Laut der Entscheidung der FIS-Führung dürfen Gaming/Wettanbieter keine einzelnen Athleten, die zur FIS gehören, sponsern, sondern nur Veranstaltungen. Die Idee ist klar; die Führung beabsichtigt, die Integrität des Sports zu wahren. Die Tatsache, dass diese gleichen Unternehmen jedoch Veranstaltungen, die von der FIS ausgerichtet werden, sponsern können, ist ziemlich kurios.
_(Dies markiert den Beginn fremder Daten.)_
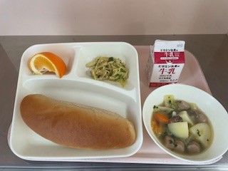 2月4日(火)、今日の給食は「ポトフ・カレーソテー・いよかん・黒糖パン・牛乳」です。

Es ist auch problematisch, dass die aktuelle Entscheidung keinen Unterschied zwischen Online-Glücksspielseiten macht; sie verbannen nicht nur Sportwettenseiten, sondern auch Pokerseiten und Casinos.

Der größte Verlierer dieser Veranstaltung ist der schwedische Profiskiläufer, zweifache Olympiasieger Marcus Hellner, der ein gesponserter PokerStars-Profi ist, der Vertreter für Poker in Schweden, der sagte:
"Ich finde, es klingt seltsam und verzerrt. Es scheint, als wollten sie dich kleinmachen, aber gleichzeitig ihr eigenes Geld verdienen. Aber das ist die FIS … Es gibt viel, worüber man sich bei solchen Entscheidungen wundern kann. Was machen sie? Es liegt ganz beim Einzelnen, mit was er sich identifizieren möchte. Ich spiele gerne Poker und wähle, mich damit zu identifizieren, dafür stehe ich ein. Und ich habe kein Problem damit, es ist eines meiner Interessen."
Das Management des beliebten Skiläufers arbeitet nun an einem Deal mit der FIS, damit er seinen Sponsor behalten kann.
Neben Hellner waren auch viele großartige Athleten, Skiläufer Emil Jönsson ist ein gesponserter Spieler von Unibet.